Adolph Garcia of San Bernardino, California, got into lowriding at an early age. Back in the day, his dad used to take him to lowrider shows and expose him to the scene. Once Adolph was old enough, his dad gave him his first lowrider car. After owning a ’91 Chevy Caprice and a 2000 Lincoln Town Car, Adolph graduated to his latest project, a ’96 Cadillac Brougham.

Adolph’s low-low was once a four-door, but that was until it was shipped to “Topo” of Bowtie Connection in Artesia, California. Topo took the original design of the car and threw it out the window. He put a cutting blade in his Sawsall and started cutting away. The result was a two-door Brougham with a sunroof, castle grille, sectioned hood and shortened roof. While the car was being worked on, Adolph sent everything out to Sergio of Metal Finishers in East Los Angeles, California, who chrome plated the undercarriage to a mirror finish.

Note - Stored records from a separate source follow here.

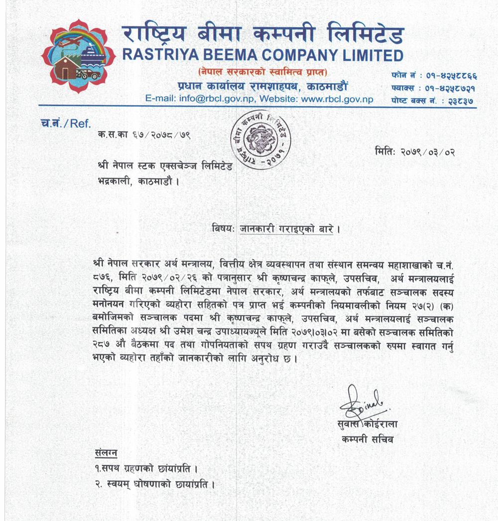 काठमाडौं । राष्ट्रिय बीमा कम्पनीको संचालक सदस्यमा कृष्णचन्द्र काफ्ले नियुक्त भएका छन् । कम्पनीले आज नेप्सेमार्फत जानकारी गराएको सूचनामा काफ्लेलाई कम्पनीको संचालक सदस्यमा चयन गरेको हो ।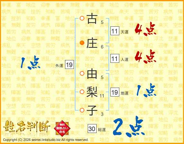 古庄由梨子さんの総運は30画の2点!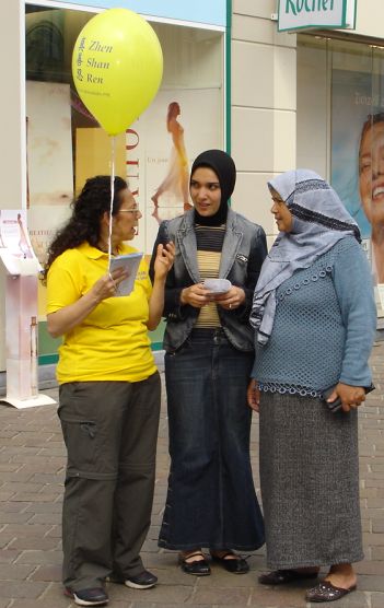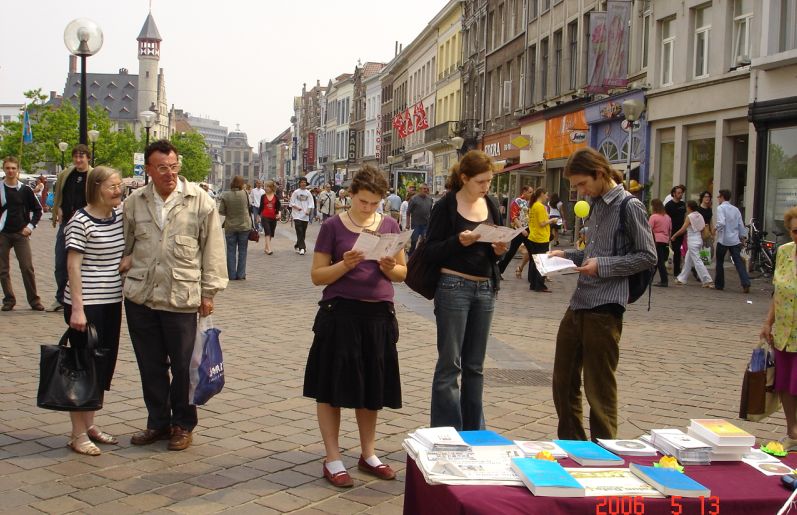观看功法演示和真相图片的人群来了一拨又一拨。祥和的功法和发生在中国的残酷迫害形成鲜明对比,人们不禁问:这样美好的功法,这是为什么要迫害?!学员进行了详细讲解。了解真相的人们,纷纷表示要求比利时政府官员帮助制止中共虐杀法轮功学员的恶行。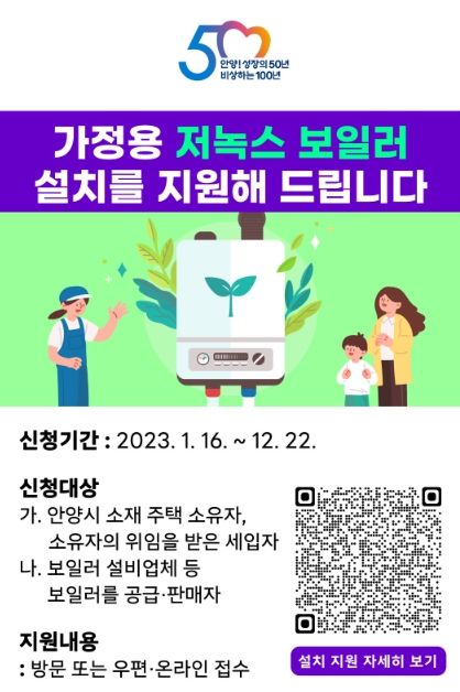 최대호 안양시장은 “난방비 급증으로 어려운 때에 대기환경오염 개선은 물론 난방비도 줄일 수 있는 이번 사업을 적극 활용하길 바란다 ”며 “앞으로도 환경 개선뿐 아니라 시민 생활에 밀접하고 도움이 되는 사업을 적극 추진하겠다”고 말했다.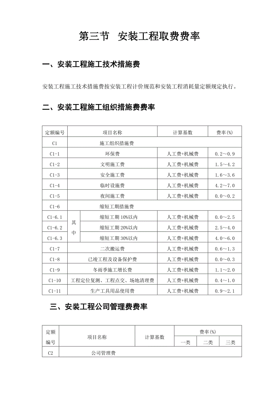 第三节 安装工程取费费率一、安装工程施工技术措施费安装工程施工技术措施费按安装工程计价规范和安装工程消耗量定额规定执行二、安装工程施工组织措施费费率定额编号项目名称计算基数费率(%)C1施工组织措施费C1-1环保费人工费+机械费0.2~0.9C1-2文明施工费人工费+机械费1.5~4.2C1-3安全施工费人工费+机械费1.6~3.6C1-4临时设施费人工费+机械费4.2~7.0C1-5夜间施工费人工费+机械费0.0~0.2C1-6缩短工期措施费C1-6.1其中缩短工期10%以内人工费+机械费0.0~2.5C1-6.2缩短工期20%以内人工费+机械费2.5~4.0C1-6.3缩短工期30%以内人工费+机械费4.0~6.0C1-7二次搬运费人工费+机械费0.6~1.3C1-8已竣工程及设备保护费人工费+机械费0.0~0.3C1-9冬雨季施工增长费人工费+机械费1.1~2.0C1-10工程定位复测、工程点交、场地清理费人工费+机械费0.4~1.0C1-11生产工具用品使用费人工费+机械费0.9~2.1 三、安装工程公司管理费费率定额编号项目名称计算基数费率(%)一类二类三类C2公司管理费C2-1机械设备、热力设备、静止设备与工艺金属构造人工费+机械费30~3524~2918~23C2-2工业管道及水、暖、通风、消防管道人工费+机械费35~4029~3423~28C2-3电气、智能化、自动化控制及消防电气人工费+机械费37~4231~3625~30C2-4炉窑砌筑工程人工费+机械费30~4019~29—四、安装工程利润率定额编号项目名称计算基数费率(%)一类二类三类C3利 润C3-1机械设备、热力设备、静止设备与工艺金属构造人工费+机械费16~2110~154~9C3-2工业管道及水、暖、通风、消防管道人工费+机械费21~2615~209~14C3-3电气、智能化、自动化控制及消防电气人工费+机械费25~3019~2413~18C3-4炉窑砌筑工程人工费+机械费15~209~14—五、安装工程规费费率定额编号项目名称计算基数费率(%)C4规 费C4-1社会保障费C4-1.1养老保险费分部分项项目清单人工费+施工技术措施项目清单人工费20~35C4-1.2失业保险费分部分项项目清单人工费+施工技术措施项目清单人工费2~4C4-1.3医疗保险费分部分项项目清单人工费+施工技术措施项目清单人工费8~15C4-2住房公积金分部分项项目清单人工费+施工技术措施项目清单人工费10~20C4-3危险作业以外保险分部分项项目清单人工费+施工技术措施项目清单人工费0.5~1.0C4-4工程排污费按工程所在地环保部门规定计取C4-5工程定额测定费税前工程造价0.124六、安装工程税金费率定额编号项目名称计算基数费率(%)市区城(镇)其她C5税金分部分项工程项目清单费+措施项目清单费+其她项目清单费+规费3.4753.4103.282C5-1税费分部分项工程项目清单费+措施项目清单费+其她项目清单费+规费3.4133.3483.220C5-2水利建设基金分部分项工程项目清单费+措施项目清单费+其她项目清单费+规费0.0620.0620.062注:税费涉及营业税、都市建设维护税及教育费附加。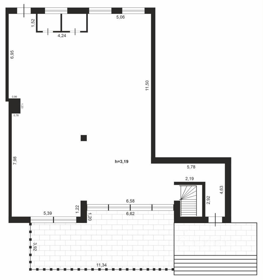 - Большие витрины в пол по всей длине объекта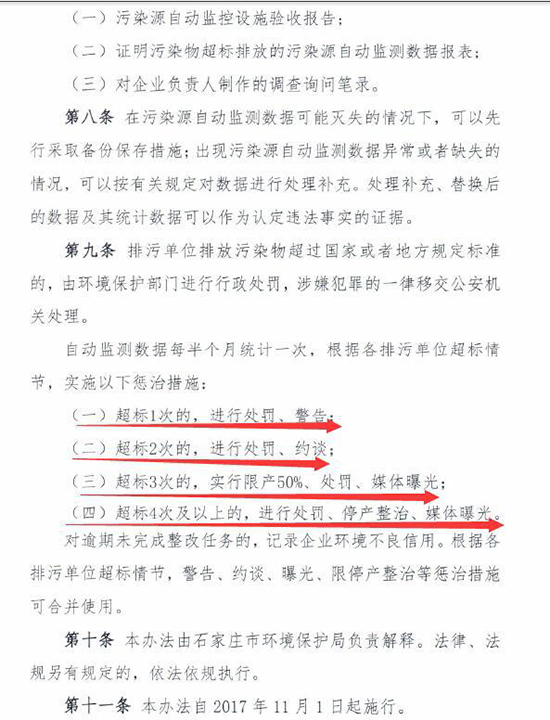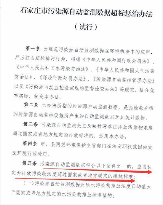 近日河北石家莊市環保局印發《石家莊市污染源自動監測數據超標懲治辦法(試行)》(以下簡稱“辦法”)。辦法明確,企業污染源自動監測數據出現超標將被處罰,超標4次及以上,將停產整治。辦法自11月1日起施行。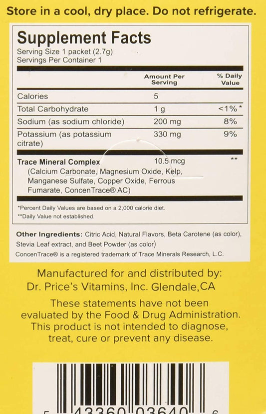 Dr. Price's Vitamins Electrolyte Mix Supplement Powder, 72 Trace Minerals, Potassium, Sodium, Electrolyte Replacement Keto Drink | Lemon-Lime 30 Packets | No Sugar, Keto, Vegan, Non-GMO, Gluten-Free

When GM designed and built its first big-body Cadillac many in the custom car community felt that they should’ve offered a two-door version. If GM had followed the advice of the lowriding community, maybe Caddy sales would’ve shot through the roof. Since they didn’t, it’s up to customizers like Topo to remedy the situation. We’ll have to see how many more of these conversions Topo can crank out. Once people see Adolph’s “Still Ballin’,” Topo may have Brougham owners lining up at his door to get their doors taken off.


Tech SpecsStill Ballin’Owner: Adolph Garcia

Vehicle: ’96 Cadillac Brougham

City/State: San Bernardino, California

Club: Pharaohs C.C.-Inland Empire

Engine/Drivetrain: Stock ’96 LT1 350-c.i.d. engine with 700R transmission and posi-traction rearend.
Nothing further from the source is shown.